Appears in 1 contract
Partnership Termination. Section 708(b) of the Code provides that a partnership terminates for income tax purposes if there is a sale or exchange of 50% or more of the total interest in partnership capital and profits within a twelve-month period (although successive transfers of the same interest within a twelve-month period will be treated as a single transfer for this purpose). In the event of a termination, the Partnership's tax year would close and the Partnership would be treated for income tax purposes as if it had contributed all of its assets and liabilities to a "new" partnership in exchange for an interest in the "new" partnership. The Partnership would then be treated as making a distribution of the interests in the "new" partnership to the new partners and the remaining partners, followed by the liquidation of the Partnership.
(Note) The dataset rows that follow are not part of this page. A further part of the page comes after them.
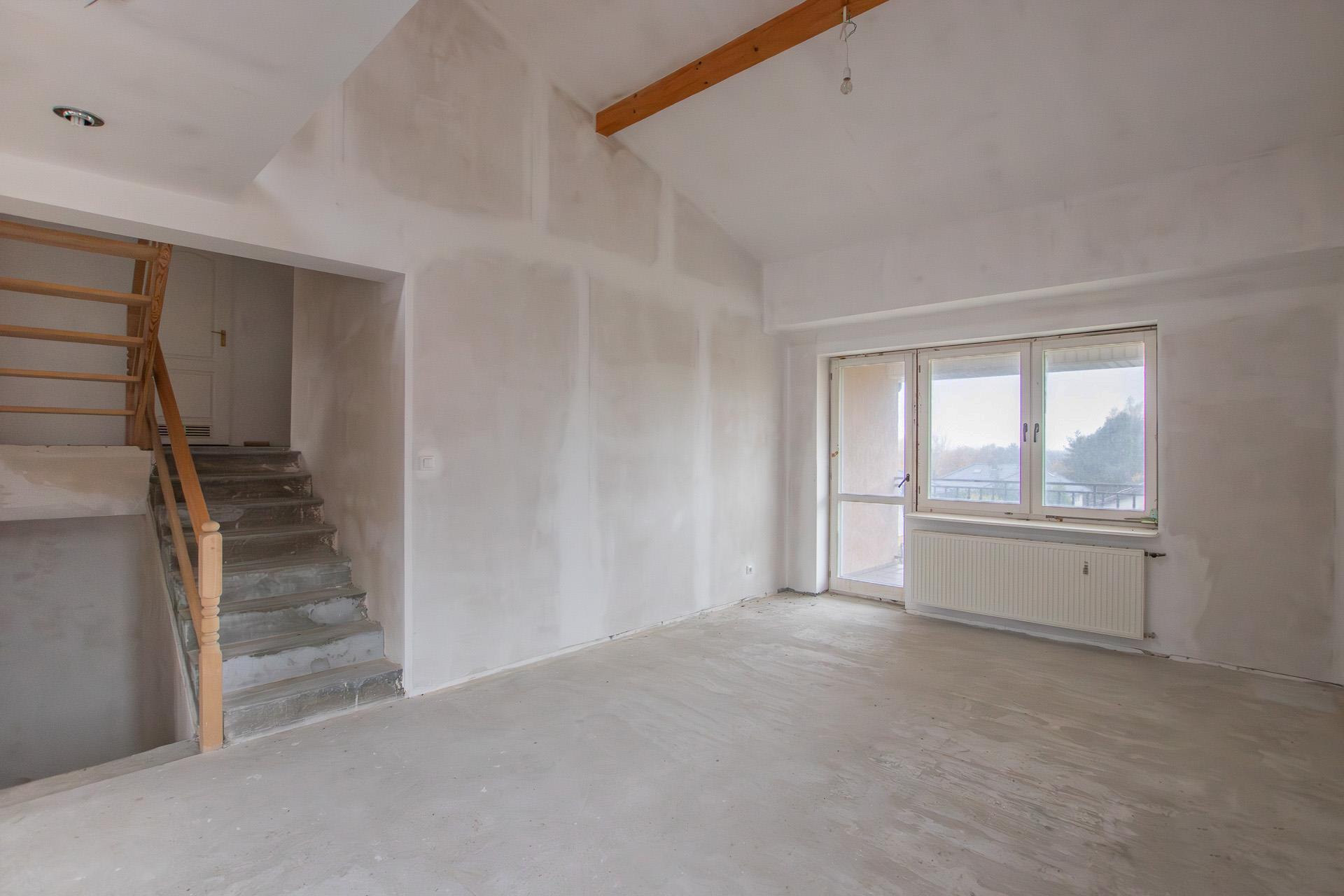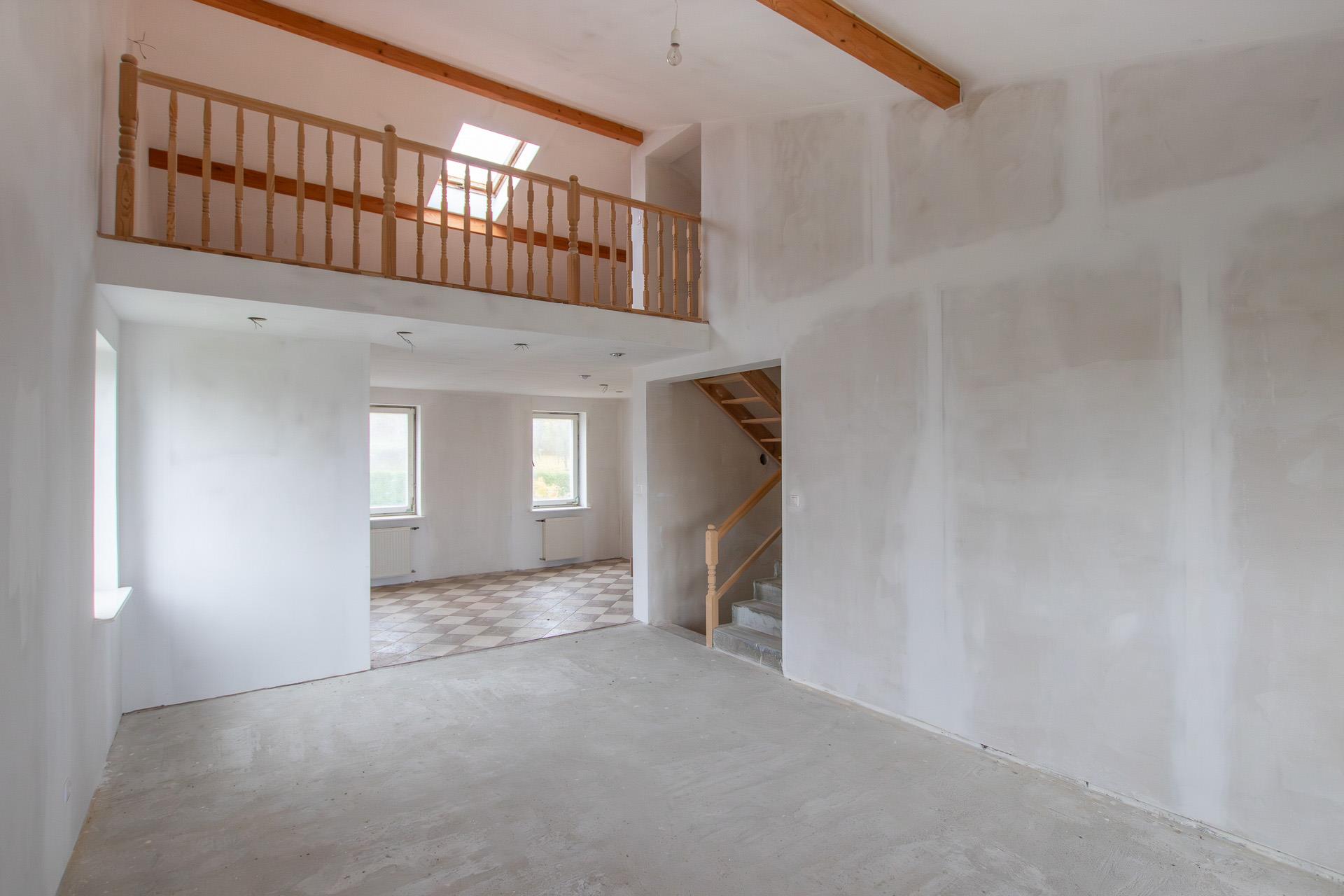 Budynek mieszkalny z garażem w zabudowie bliźniaczej do wykończenia wewnątrz.
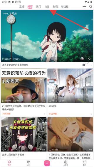 1、打開嗶哩嗶哩app,通過頂部導航欄找到并點擊動畫的標簽。
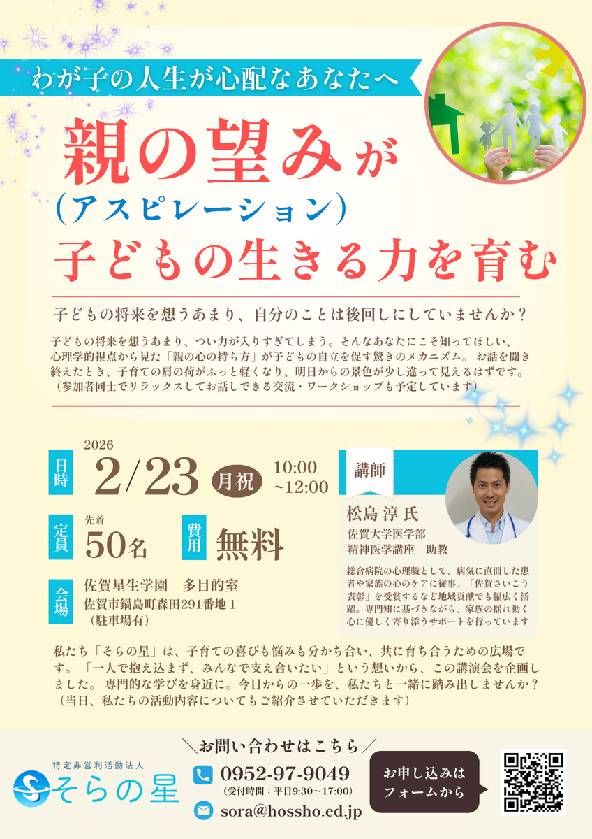 2月23日(月・祝)、佐賀大学医学部 精神医学講座 助教の松島淳先生をお招きし、「親の望み(アスピレーション)が子どもの生きる力を育む」というテーマでお話しいただきます。 親の「アスピレーション」がいかにして子どもの「生きる力」を育んでいくのか、その驚きのメカニズムについて、心理学的な視点から紐解いていただきます。
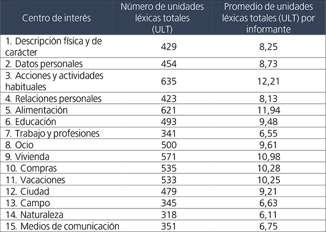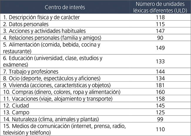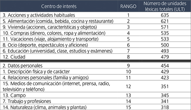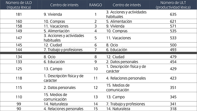 En términos de riqueza léxica, los centros de interés más ricos, es decir, los que presentan más unidades léxicas diferentes, son 9. Vivienda (acciones, características y objetos), 10. Compras (dinero, colores, ropa y alimentación) y 11. Vacaciones (viaje, alojamiento y transporte). Estos tres centros de interés pertenecen a la realidad cercana de los estudiantes y, además, son abiertos, pues contienen varios subtemas que facilitan la evocación de diferentes unidades léxicas. Al contrario, los centros 4. Relaciones personales (familia y amigos) y 15. Medios de comunicación (internet, prensa, radio, televisión y teléfono) son de carácter cerrado, no admiten una variedad léxica tan alta como los anteriormente citados. En cuanto a 14. Naturaleza (clima, animales y plantas), a pesar de ser un tema muy rico léxicamente, se trata de una realidad no tan cercana a los estudiantes y, además, no se trabaja específicamente (a excepción del clima) en el manual que emplean los alumnos.

Because the "new" partnership would be treated as having acquired its assets on the date of the deemed contribution, a new depreciation recovery period would begin on such date, and the Partnership's annual depreciation deductions over the next few years would be substantially reduced, and the Partnership would have greater taxable income (or less tax loss) than if no tax termination occurred. In addition, depreciation may be required to be allocated to those Limited Partners that have a higher tax basis, such as the Purchaser. A tax termination of the Partnership would also terminate any partnership in which the Partnership holds a majority interest (50% or more). The Limited Partnership Agreement prohibits transfers of Units if a transfer, when considered with all other transfers during the same applicable twelve-month period, would cause a termination of the Partnership for tax purposes. The Purchaser believes that even if the maximum number of Units is purchased pursuant to the Offer, those transfers will not cause a tax termination of the Partnership.